= Ba'ath Party archives =

The Ba'ath Party archives are a trove of archival documents relating to the history and governance of the Iraqi Ba'ath Party under the rule of Ahmed Hassan al-Bakr and Saddam Hussein from 1968 to 2003. U.S. officials seized the archives in the aftermath of the 2003 invasion of Iraq. The U.S. government completed its handover of the archive back to Iraq in 2020.

==U.S. seizure and custody==
Soon after the 2003 invasion of Iraq, U.S. exploitation teams scoured Ba'ath Party offices for records that could shed light on Iraq's WMD programs and alleged support for global terrorism—though this effort was impeded by the widespread looting of the early post-invasion period. A U.S. defense contractor, the Iraq Memory Foundation (IMF), discovered and took possession of millions of pages of documents in the basement of the Ba'ath Party headquarters in Baghdad. The IMF encountered obstacles to their plans to create a national memorial to Saddam's victims of human rights abuses, so in 2005 they turned over the documents temporarily to the U.S. military. The documents were scanned for analysis by the U.S. Defense Intelligence Agency. In 2008, the IMF donated the materials to the Hoover Institution Library and Archives at Stanford University in California.

==Contents and research==
The National Defense University in Washington, D.C., which owned digitized records of the archives, established the Conflict Records Research Center (CRRC) to enable academic research of the records. In 2011, the CRRC publicly released a small batch records, including notes from a meeting called by Saddam Hussein in reaction to the revelation of the Iran–Contra affair in 1986 and strategy deliberations from the early days of the Iran–Iraq War. The CRRC also owned thousands of hours of Saddam's secretly recorded meetings and conversations. The CRRC closed in 2015 when the Defense Department cut its funding.

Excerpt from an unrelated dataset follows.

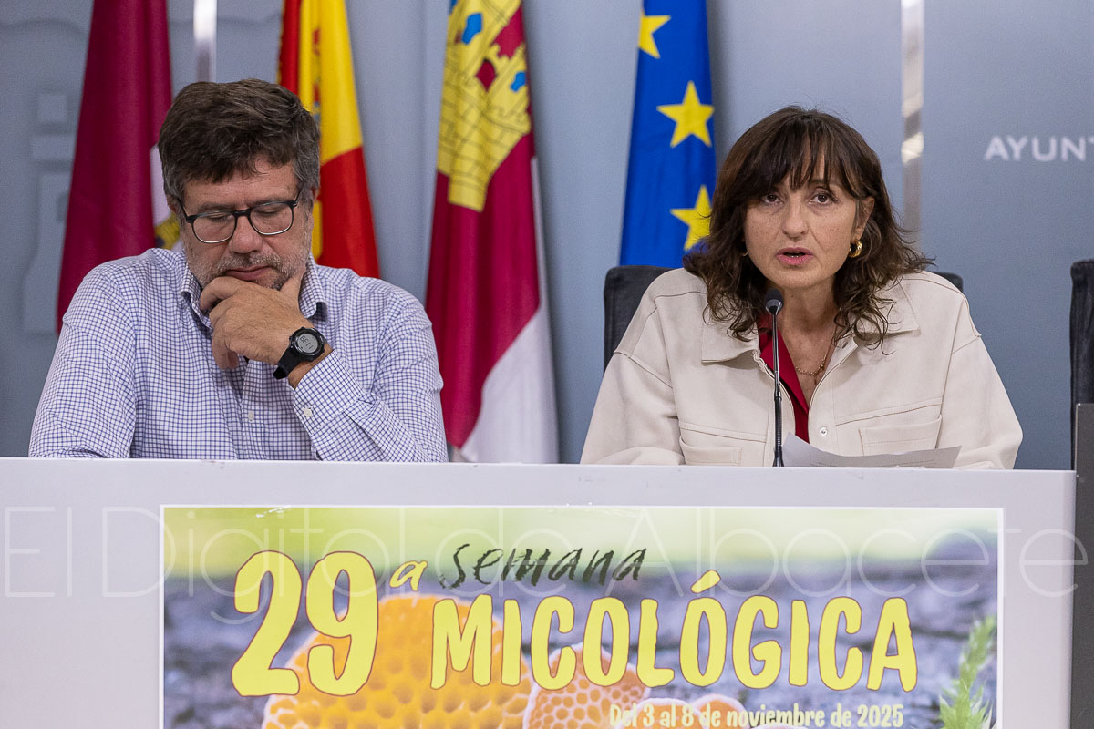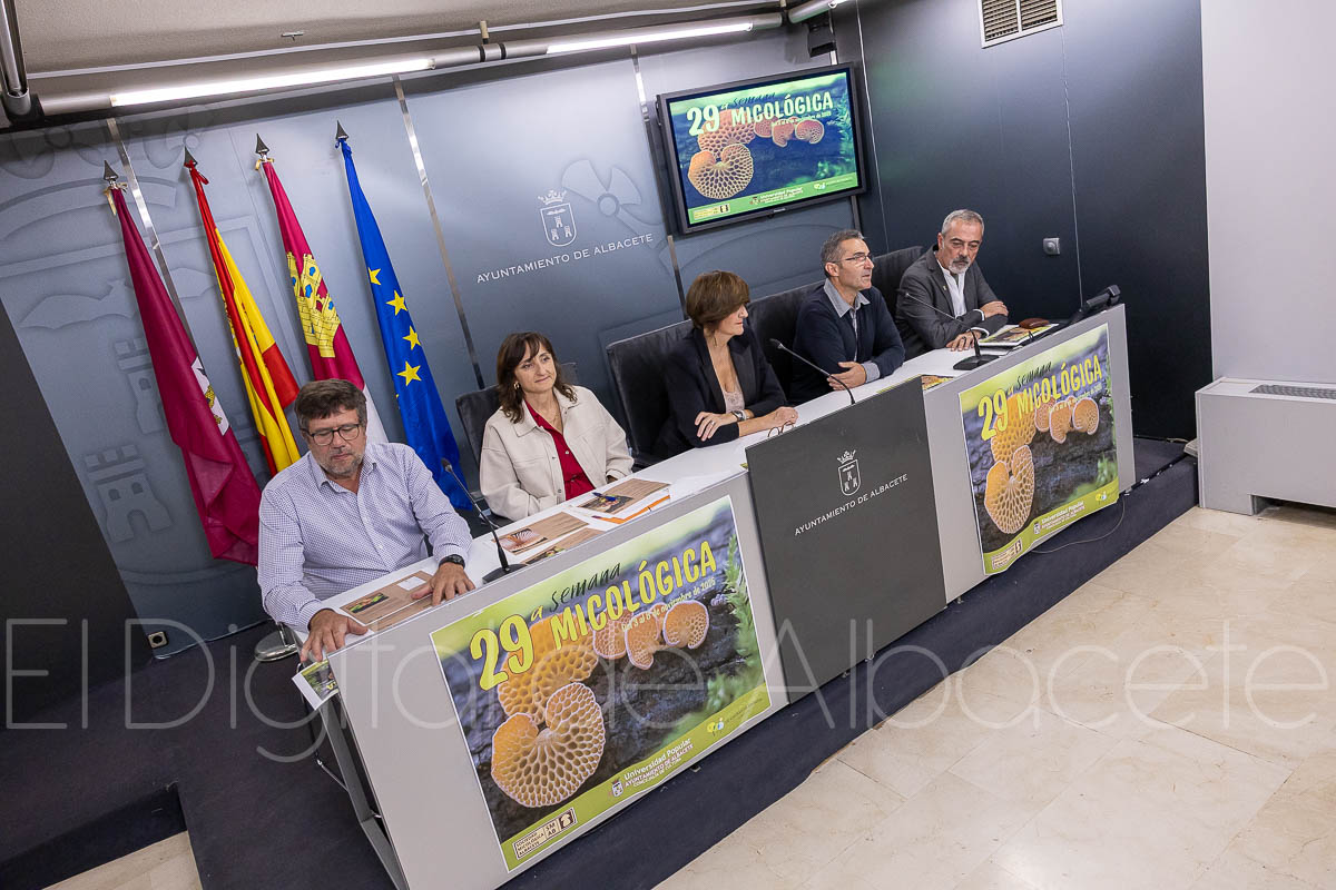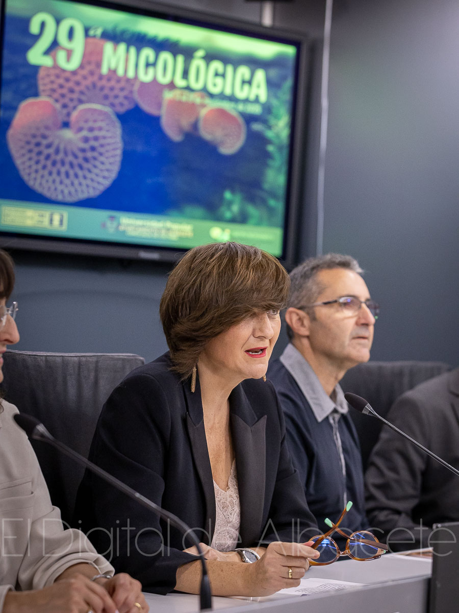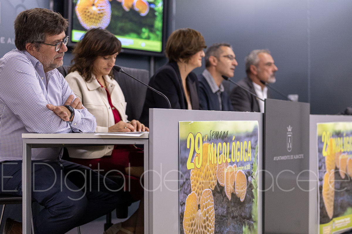 La concejala de Cultura, Elena Serrallé, ha presentado la 29ª Semana Micológica de la Universidad Popular, que se celebrará del 3 al 8 de noviembre, junto a la directora de la UP, María José Jiménez; el director del Jardín Botánico, Pablo Ferrandis; José Fajardo, profesor del Aula de la Naturaleza de la UP; y José García, presidente de la Sociedad Micológica de Albacete.

The Hoover Institution's archive included 11 million records and was used by researchers on the Ba'ath Party's governance, repression of dissent, use of religion in the state, and demographic policies. About 3.8 million records consisted of the party's membership files.

==Controversy and return to Iraq==
Iraqi cultural scholars argued the seizures of the Ba'ath archives constituted an imperialistic theft of Iraq's heritage. In 2008, the Society of American Archivists and Association of Canadian Archivists jointly issued a statement calling for the return of the Ba'ath archive and other Iraqi documents. Although the 1907 Hague Convention permits conquering countries to seize the records of enemy states, the archivist groups argued that the Hague Convention did not apply to the Iraq Memory Foundation as a private organization. The IMF argued in response that Iraqi national institutions would need to exercise extreme caution handling the documents, as many of them named victims of Saddam's abusive regime. In 2010, Saad Eskander, head of the Iraq National Library and Archive, formally requested that Stanford return their document archive; the university declined, citing the unstable security situation in Iraq at the time.

Motivated in part by cost-saving concerns, the U.S. Defense Department returned a tranche of 120 million documents in May 2013. A final batch of 6 million pages was delivered in August 2020.